Information provided
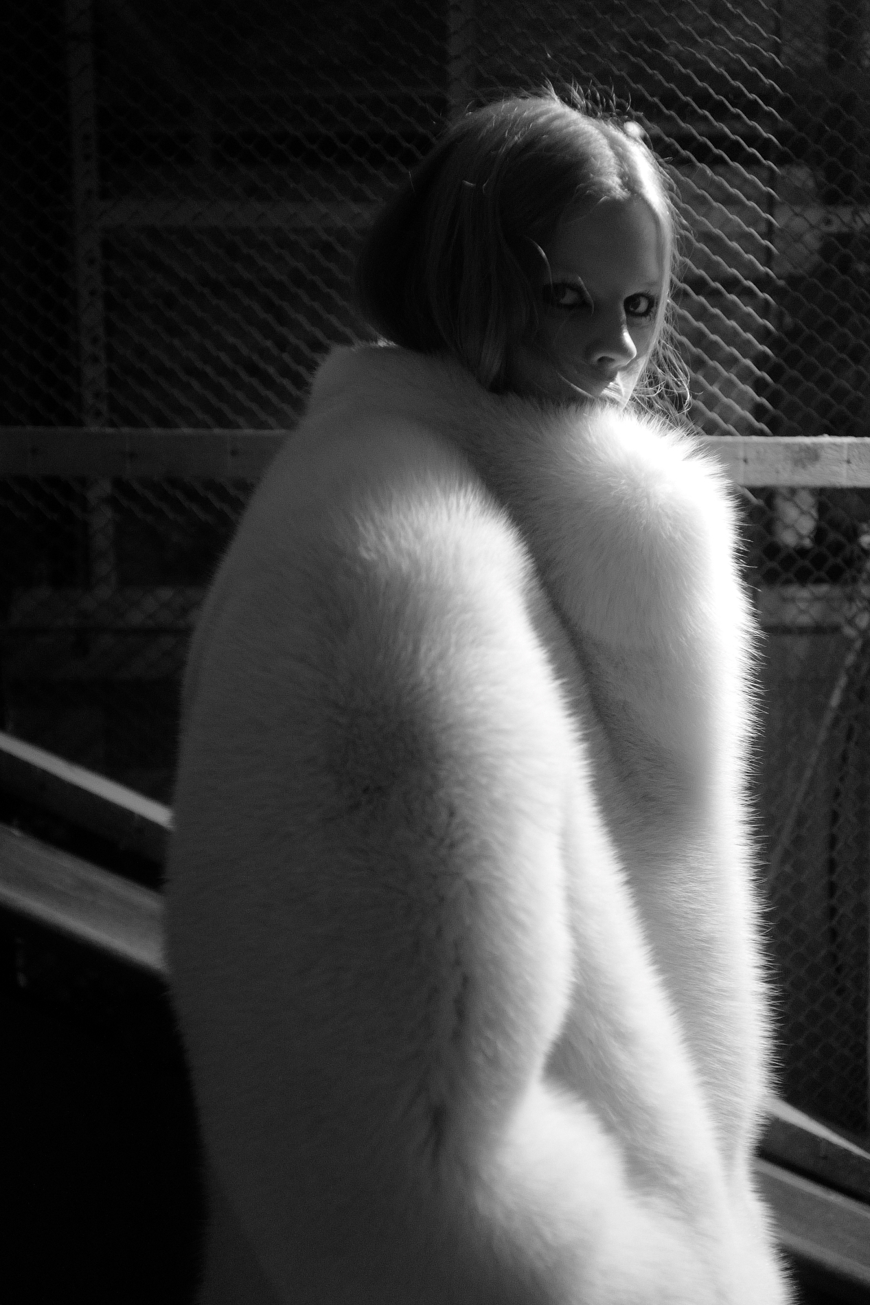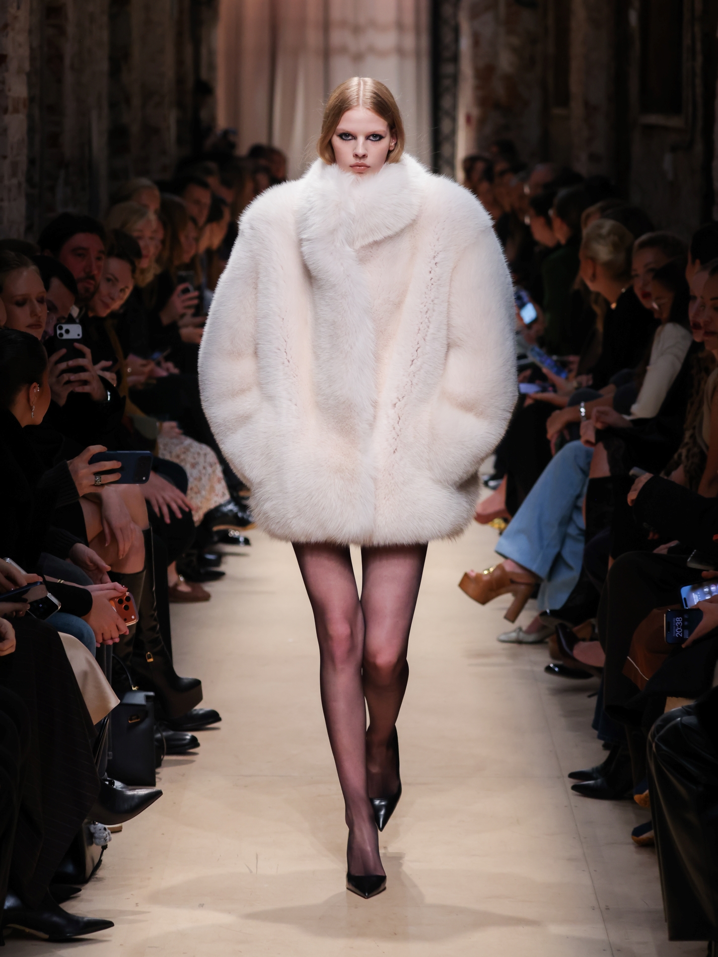 Шуба из меха арктической лисы. Подкладка в тон, прямой силуэт с воротником-стойкой.
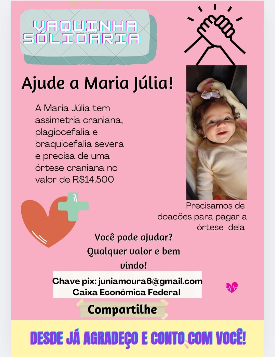 Os familiares de Maria Júlia de 5 meses solicitaram a publicação de um apelo para arrecadar recursos para tratamento.
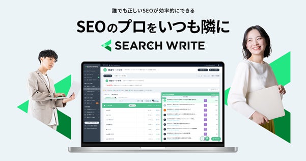 「SEARCH WRITE」は、 "知識がなくてもすぐに使えるSEOツール" をコンセプトに、累計5,200社以上の取引実績を誇る国内最大規模のSEOコンサルティングサービスを通して培った成功ノウハウをもとに開発したSEOツールです。

Exercise requirements
Each line from the one containing "Os familiares de" to the final line of the data must be printed exactly, both included, with nothing else and no pictures.

Written response
 Os familiares de Maria Júlia de 5 meses solicitaram a publicação de um apelo para arrecadar recursos para tratamento.
 「SEARCH WRITE」は、 "知識がなくてもすぐに使えるSEOツール" をコンセプトに、累計5,200社以上の取引実績を誇る国内最大規模のSEOコンサルティングサービスを通して培った成功ノウハウをもとに開発したSEOツールです。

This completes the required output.